周りの大人たちから、「若い頃の苦労は買ってでもするもの」と言われ、イラっとしたことはありませんか?
無駄な苦労なんて誰だって避けたいはずなのに、若い人達には苦労をしろという。とてもおかしな文化ですよね。
この『若い頃の苦労』という意味を、はき違えていませんか?
目次
若い頃の苦労は買ってでもするべき文化が生まれた背景
昔から「若い頃の苦労は買ってでもしろ」と言われていました。今でもその言葉を強く信じ、若い人達に無駄な苦労や行き過ぎたストレスをかける大人たちが目につきます。
どうして、そんな事を言うんでしょうか?
どうして、若い人達に苦労をさせたいんでしょうか?
その背景となるのは、今の大人たちが若い世代だった頃の時代背景にあります。
今とは違い、以前は年功序列が浸透していました。その頃は年配の人が言うことは絶対。能力の差や有無に関わらず、年が上であるというだけで立場は上です。だからこそ頭が上がらない、上げられない存在といえます。それはまさに目の上のたんぶですよね。
自分たちが踏みつけられた若い頃には、「大人になったら脱出できる」と考えていたのではないでしょうか。そうして、いざ大人になってみたら時代は変わっていくものの、自分の中にいる『不遇の若い時代』は消えていません。むしろ、そんな不遇の時代を耐え抜いた自分こそが正しい、偉いと感じています。

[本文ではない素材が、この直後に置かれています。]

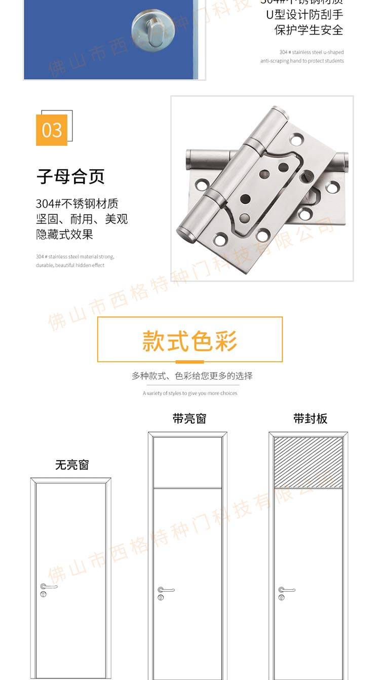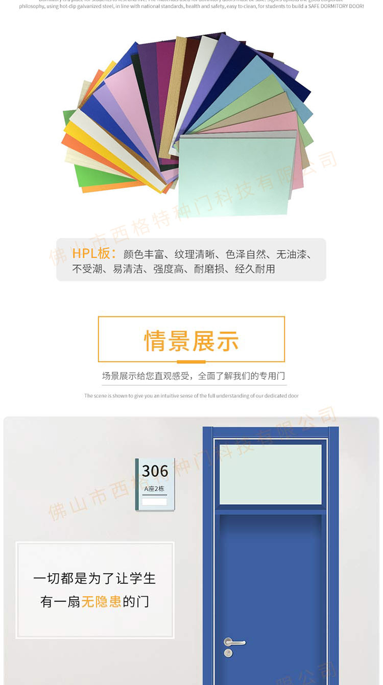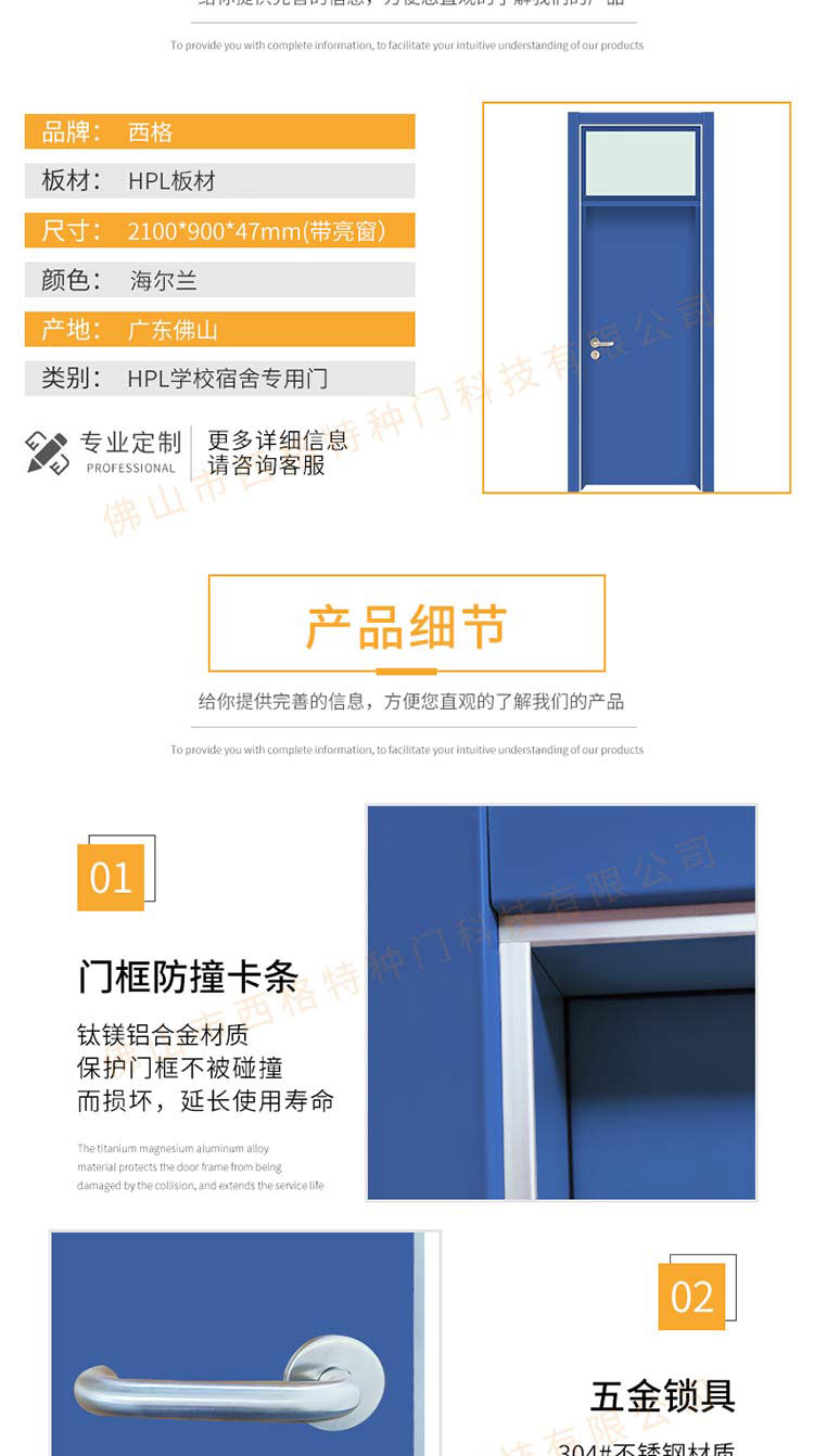 产品简介:chnsige西格特种门,专业生产学校宿舍门,木质学校宿舍门,学校宿舍木门,学生宿舍门,多钟款式、颜色,尺寸可定制。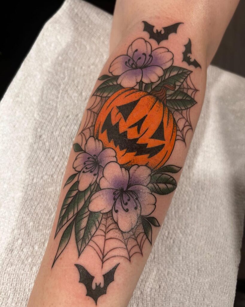 This vibrant Halloween tattoo blends spooky charm with floral beauty. At its center sits a glowing orange jack-o’-lantern, carved with a wicked grin that instantly catches attention.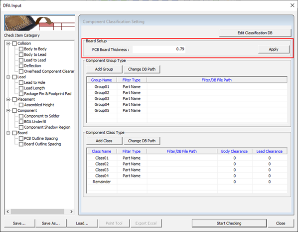 Some of PollEx DFA checking items, Lead Length and Assembled Height, require board thickness during checking. Before checking, you need to define board thickness information.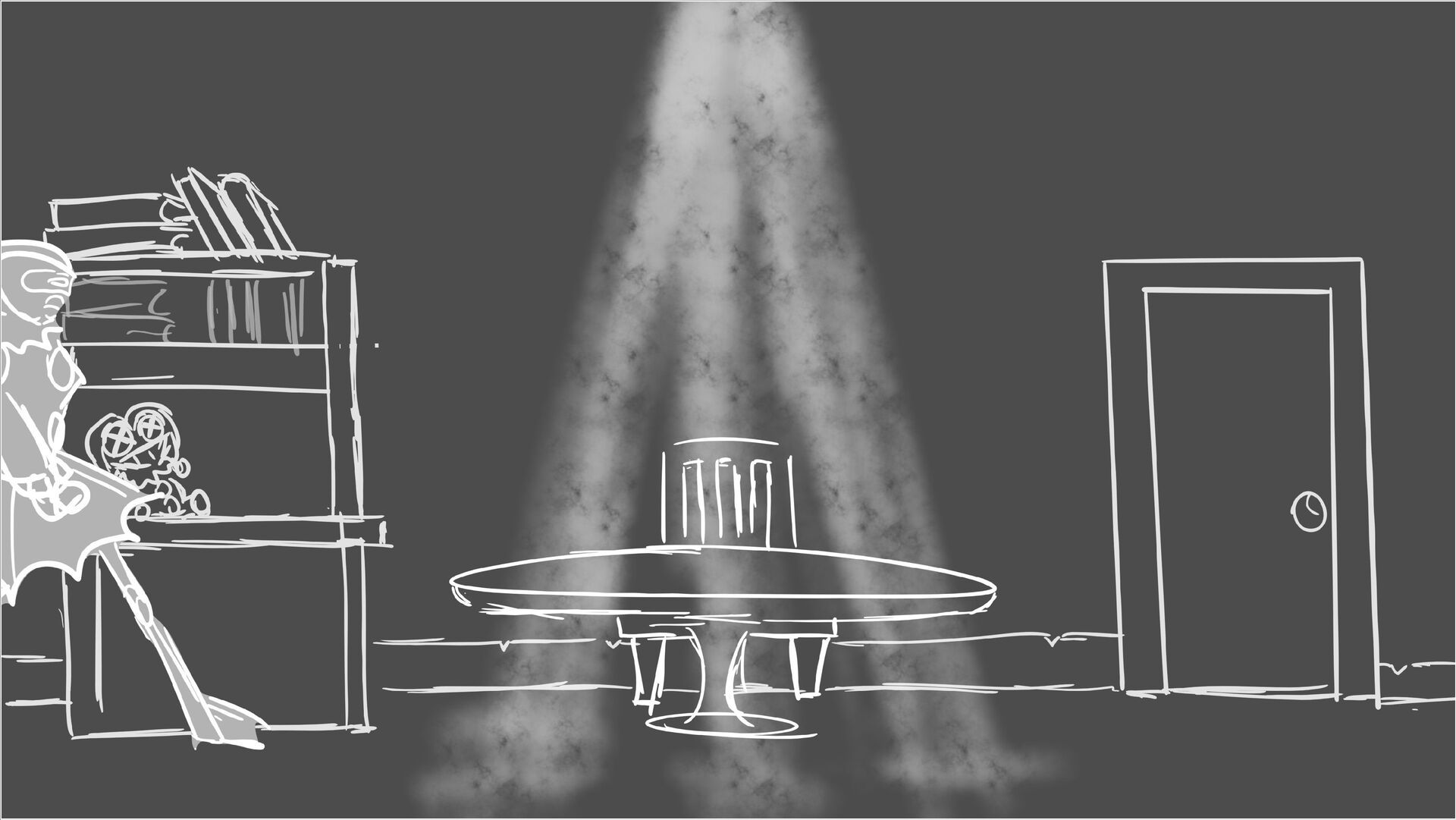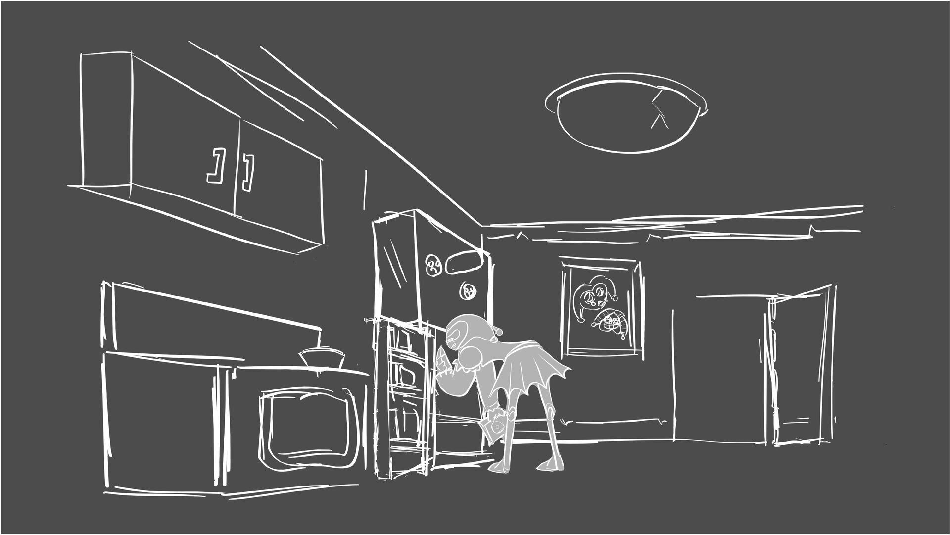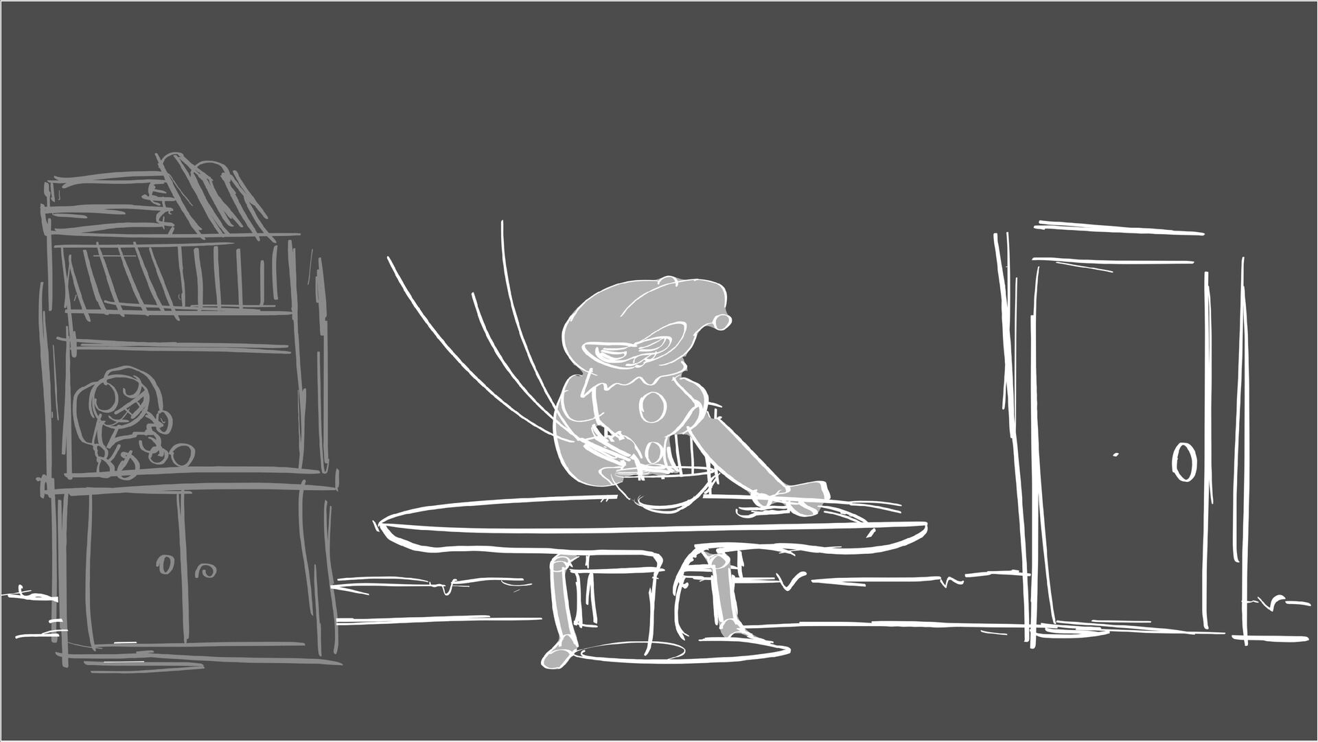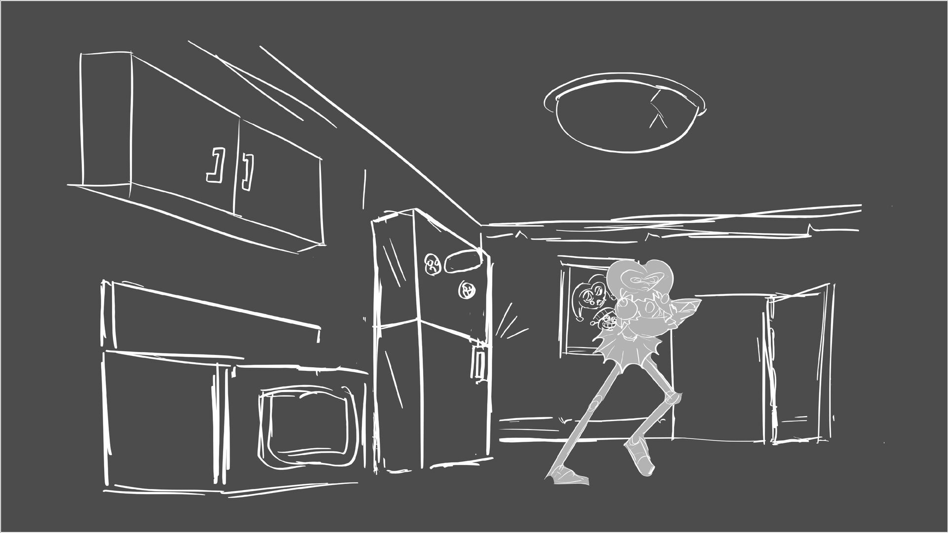 A mime made of shadows tries to eat breakfast but her upstairs neighbor ruins the moment.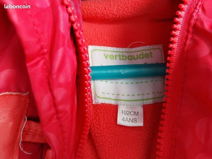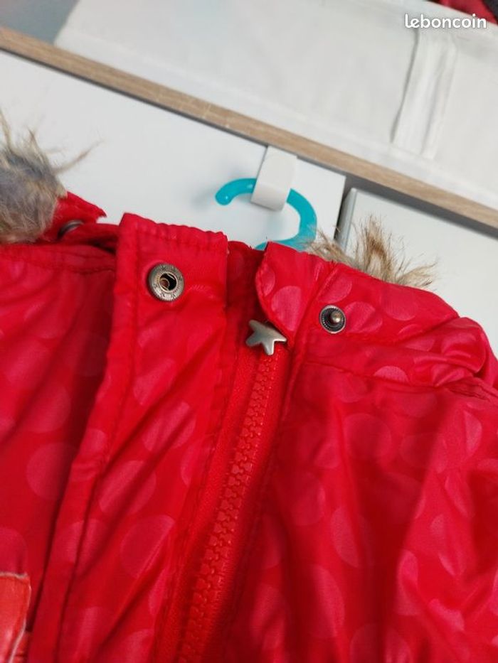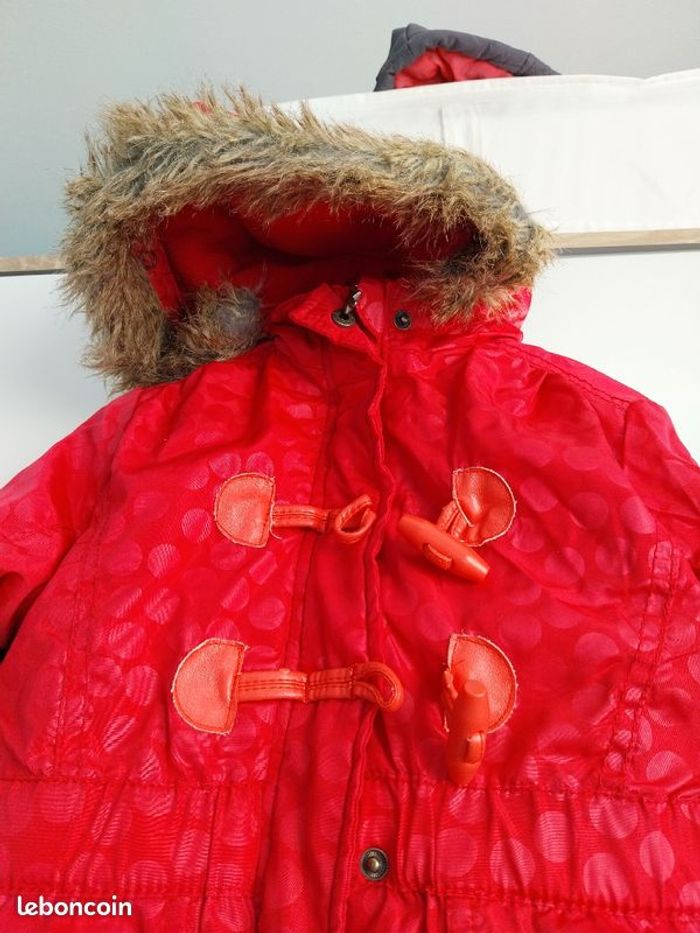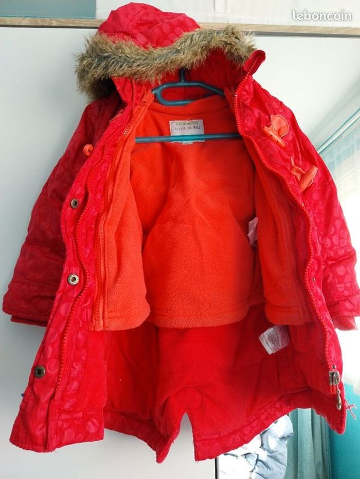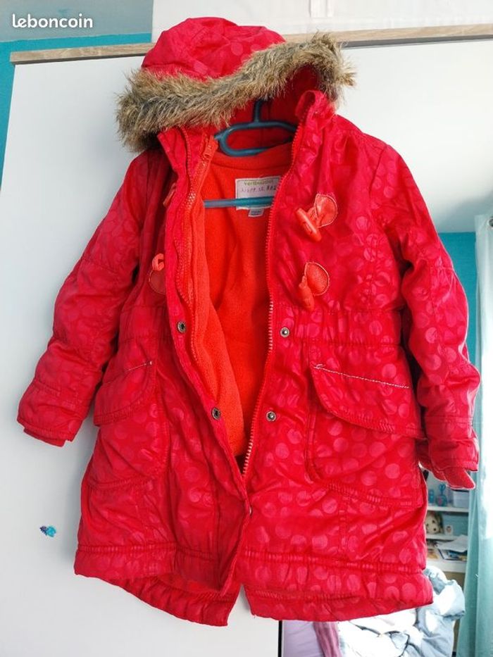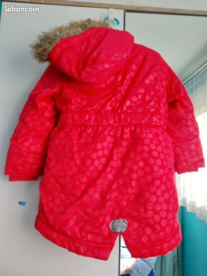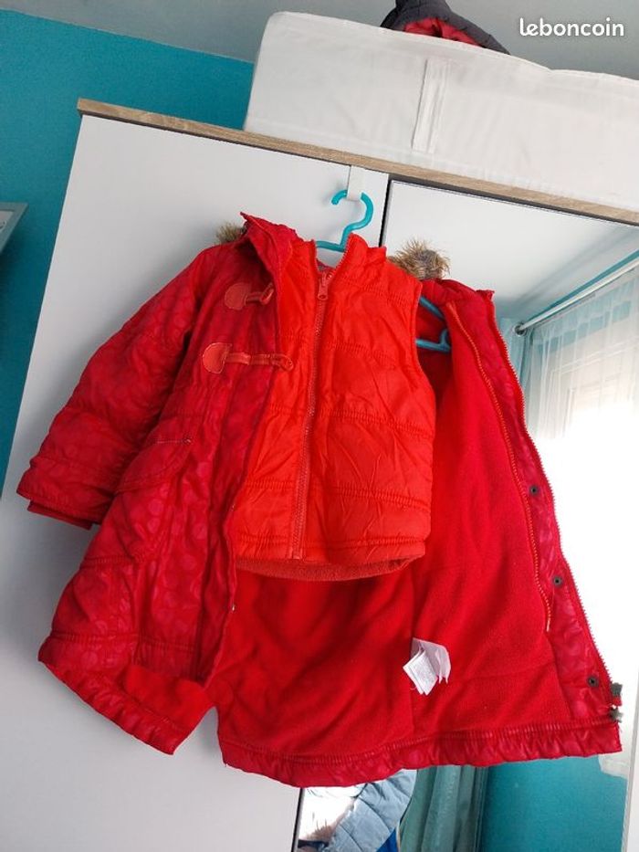 vend 1 jolie parka 3 en 1, fille taille: 102 cm ( 4 ans) - doudoune bien chaude: intérieur en polaire, extérieur imperméable et toucher doux ( idéal hiver) + veste intérieure sans manche, amovible en polaire ( à porter ensemble ou separement) capuche intégrée, bord fausse fourrure amovible par pressions 2 poches devant / fermeture éclair et boutons pression rouge / rose et orange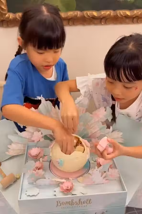 看到糖果球里的小零食,姐妹倆都超級驚喜,臉上的燦笑無敵萌。值得一提的是,小姐妹這次臉上還化了一個小小的「中秋節妝容」,姐姐的眼尾處描了紅色小花紋圖案,妹妹的圖案則在眉心處。看得出來,兩個小寶貝對這次的中秋節妝非常滿意。看到女兒們滿意,熊黛林肯定也是滿心歡喜。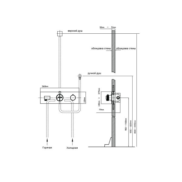 Душевой комплект Vincea VSFW-422TI1MB встраиваемый, термостатический, двухрежимный, черный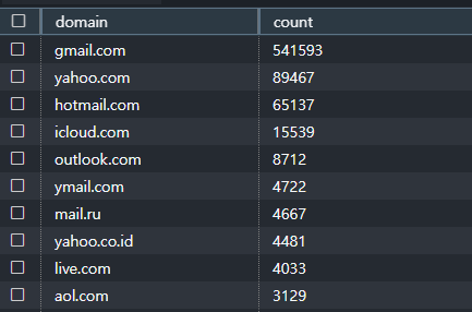 @ 뒤에 나오는 도메인들 기준으로 몇개씩 메일이 있는지 카운트 해보려고 한다.

自分が正しいと感じたことは、誰かに教えたくなるものですね。
苦労はしたけれど、あの苦労をしたから今があると信じている大人は、自分が苦労した年齢と同じ若い人達に向けて、あの頃に向けられてきた厳しさを押し付けます。時にはあえて理不尽な態度をとることも。
けれど、こんな風にして苦労だけを押し付けられて、人は成長するものとは限りませんよね。
本当に苦労は買ってでもするべきものだと思いますか?
この言葉の意味を、間違えていると思いませんか?
『苦労』の正しい意味は?
私は、この言葉の意味は言葉通りではないと考えています。
「苦労は買ってでもしろ」その意味は、次のような意味なんじゃないかと考えています。
『若い頃はなんでも吸収できる柔軟性がある。だから、色んなことに挑戦して、失敗して、どうやったら成長できるかを学んだほうがいい。学びの期間は、苦労の連続になる。その時期を耐える忍耐力、やり方を変える思考の柔軟性を身に着けていけば、大人になった時に役に立つ』
学ぶことは、新しい知識や経験に触れられて楽しいと思う反面、なかなか前に進めない辛い時期でもありますね。新しいことは簡単に覚えられないし、一朝一夕には身に着きません。何度も覚えようと繰り返し勉強して、練習して、その時期を苦労と呼ぶならそうでしょう。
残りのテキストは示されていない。